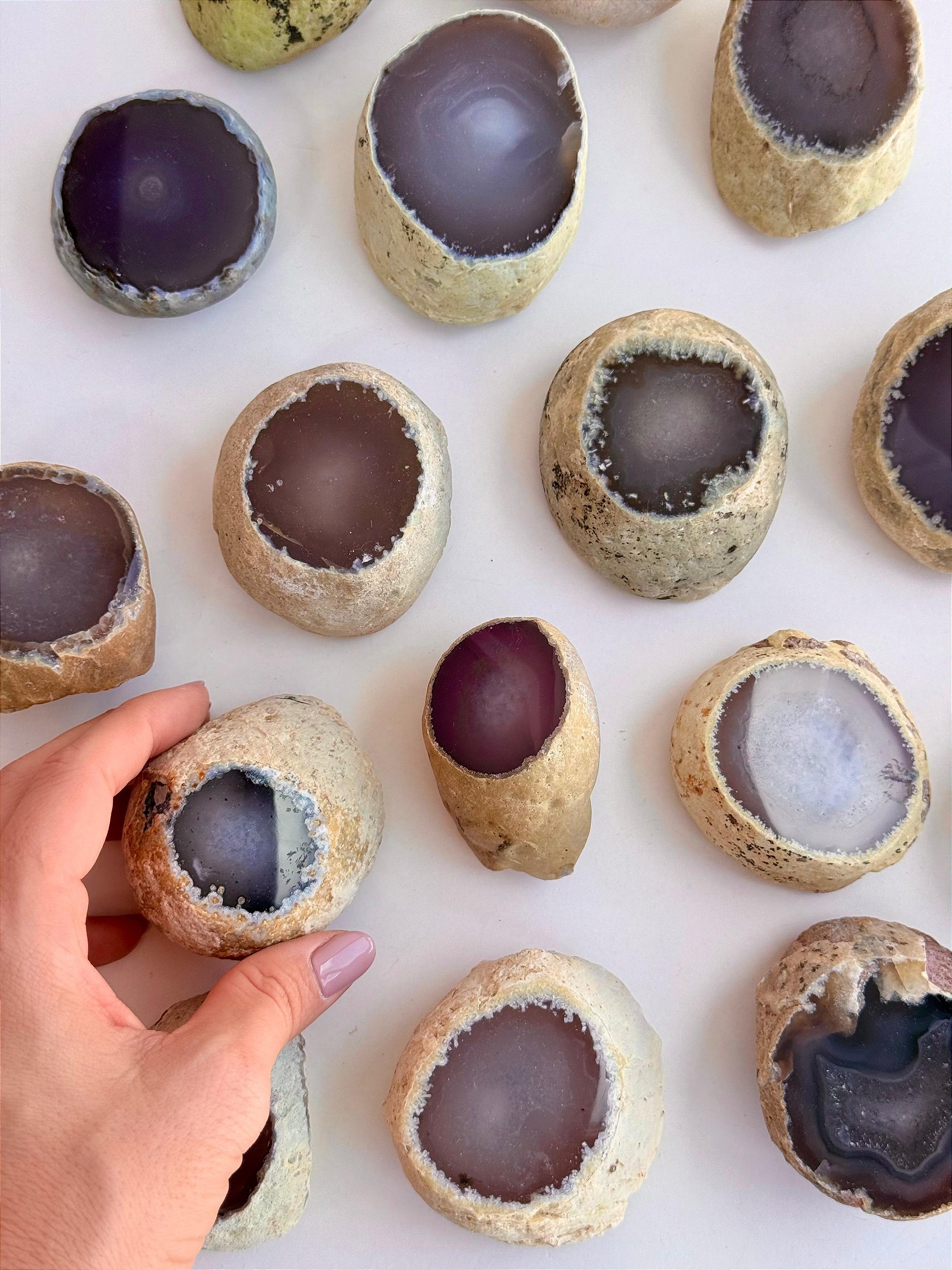 Os geodos conservam e ampliam a energia dentro deles, agindo como um gerador de energia. Graças ao seu formato com aparência de caverna, os geodos difundem lentamente a energia, suavizando-a. Podem ser usados para proteção e para estimular o crescimento espiritual. Os geodos ajudam a romper hábitos nocivos e são benéficos para personalidades viciosas e excessivamente indulgentes. A ágata proporciona equilíbrio emocional, físico e intelectual e auxilia na cura de bloqueios emocionais. Possui energia suave, estimula aceitação e a confiança em nós mesmos. Ela também intensifica as faculdades mentais, ao mesmo tempo que melhora a concentração.
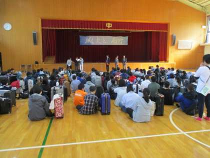 3年生は今日から,待ちに待った修学旅行です。朝7:30と少し早い集合でしたが,出席生徒は全員遅れず登校してきました。体育館で生徒司会進行の出発式。添乗員さんと写真屋さんに挨拶した後,先生のお話を聞きました。予定より少し早い出発でしたが,伊丹空港目指して無事出発しました。沖縄のお天気も何とか持ちそうな予報です。たくさんのことを勉強して,たくさんの思い出を作ってきてください。HPは随時更新していきます。
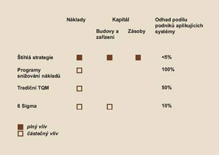 Nejsložitější, ale zpravidla neúčinnější je tzv. štíhlá výroba, v širším pojetí štíhlá strategie, vzniklá v Toyotě a nesčetněkrát oceněná i popsaná v literatuře. Jen málo dalších podniků ji však dokázalo implementovat. Tato strategie snižuje kapitálové nároky výroby, ale zdánlivě – v tradičních nákladových kalkulacích – zvyšuje náklady. Proto, údajně, došlo k ostrým střetům architekta výrobního systému Toyoty Taichiho Ohna s nákladovými účetními a k jejich vyhození z provozu. Řešení spočívá ve správných výpočtech nákladů, což vyžaduje koncepční změny tradičních kalkulací.
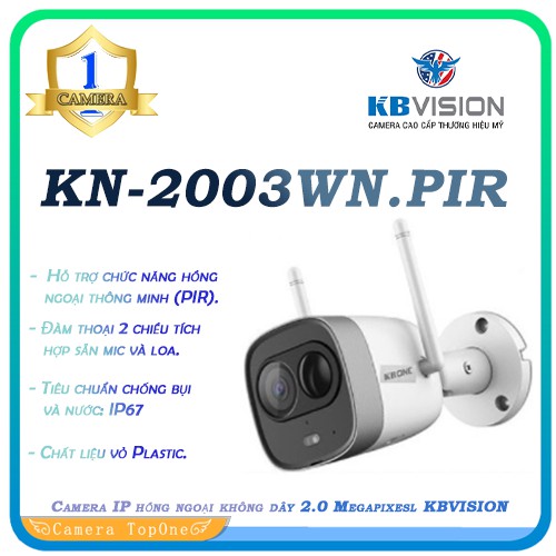 Camera IP hồng ngoại không dây 2.0 Megapixesl KBVISION KN-2003WN.PIR

====

*TASK DESCRIPTION*
Output the line containing "Nejsložitější, ale zpravidla" along with every line after it to the end of the material, exactly as written, but without pictures.

*ANSWER SECTION*
 Nejsložitější, ale zpravidla neúčinnější je tzv. štíhlá výroba, v širším pojetí štíhlá strategie, vzniklá v Toyotě a nesčetněkrát oceněná i popsaná v literatuře. Jen málo dalších podniků ji však dokázalo implementovat. Tato strategie snižuje kapitálové nároky výroby, ale zdánlivě – v tradičních nákladových kalkulacích – zvyšuje náklady. Proto, údajně, došlo k ostrým střetům architekta výrobního systému Toyoty Taichiho Ohna s nákladovými účetními a k jejich vyhození z provozu. Řešení spočívá ve správných výpočtech nákladů, což vyžaduje koncepční změny tradičních kalkulací.
 Camera IP hồng ngoại không dây 2.0 Megapixesl KBVISION KN-2003WN.PIR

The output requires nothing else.